The listing that follows should be copied in full and exactly, with no pictures.

═════ Supplied data

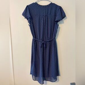 H&M Navy Blue Dress with White Polka Dots - Size 14 - hits at knee - has waist tie - worn and washed once
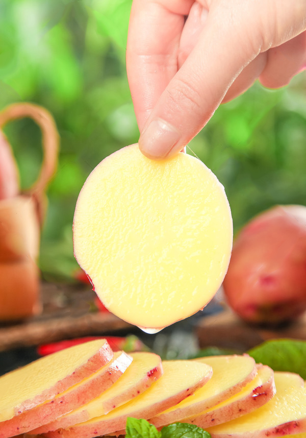 红皮土豆兼具沙面细腻口感,土豆口感更糯、面、香甜,汁多有粘性。
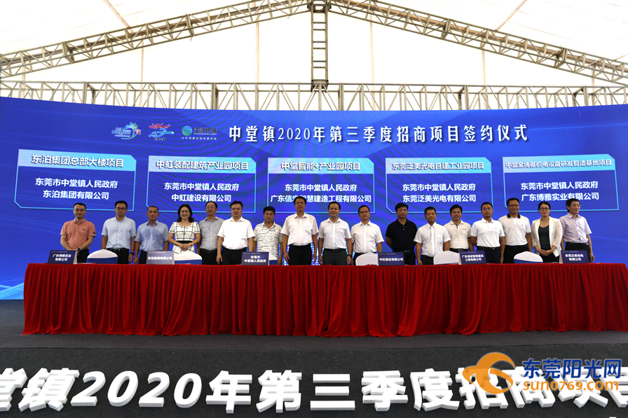 9月23日,东莞中堂镇隆重举行2020年第三季度招商项目签约暨环保智能装备研发生产项目动工仪式。据悉,此次参与签约的共有6宗项目,计划总投资约41亿元,预计年总产值约114亿元,年纳税约3.9亿元。
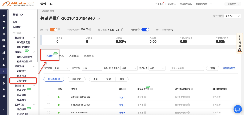 點(diǎn)擊計(jì)劃名稱,進(jìn)入計(jì)劃詳情后,點(diǎn)擊【關(guān)鍵詞】,即可看到您之前在關(guān)鍵詞推廣計(jì)劃中的全部關(guān)鍵詞;您可以在該界面完成關(guān)鍵詞的管理,不支持單個(gè)關(guān)鍵詞與產(chǎn)品的綁定與關(guān)聯(lián);

══════════

## [Result below]
 H&M Navy Blue Dress with White Polka Dots - Size 14 - hits at knee - has waist tie - worn and washed once
 红皮土豆兼具沙面细腻口感,土豆口感更糯、面、香甜,汁多有粘性。
 9月23日,东莞中堂镇隆重举行2020年第三季度招商项目签约暨环保智能装备研发生产项目动工仪式。据悉,此次参与签约的共有6宗项目,计划总投资约41亿元,预计年总产值约114亿元,年纳税约3.9亿元。
 點(diǎn)擊計(jì)劃名稱,進(jìn)入計(jì)劃詳情后,點(diǎn)擊【關(guān)鍵詞】,即可看到您之前在關(guān)鍵詞推廣計(jì)劃中的全部關(guān)鍵詞;您可以在該界面完成關(guān)鍵詞的管理,不支持單個(gè)關(guān)鍵詞與產(chǎn)品的綁定與關(guān)聯(lián);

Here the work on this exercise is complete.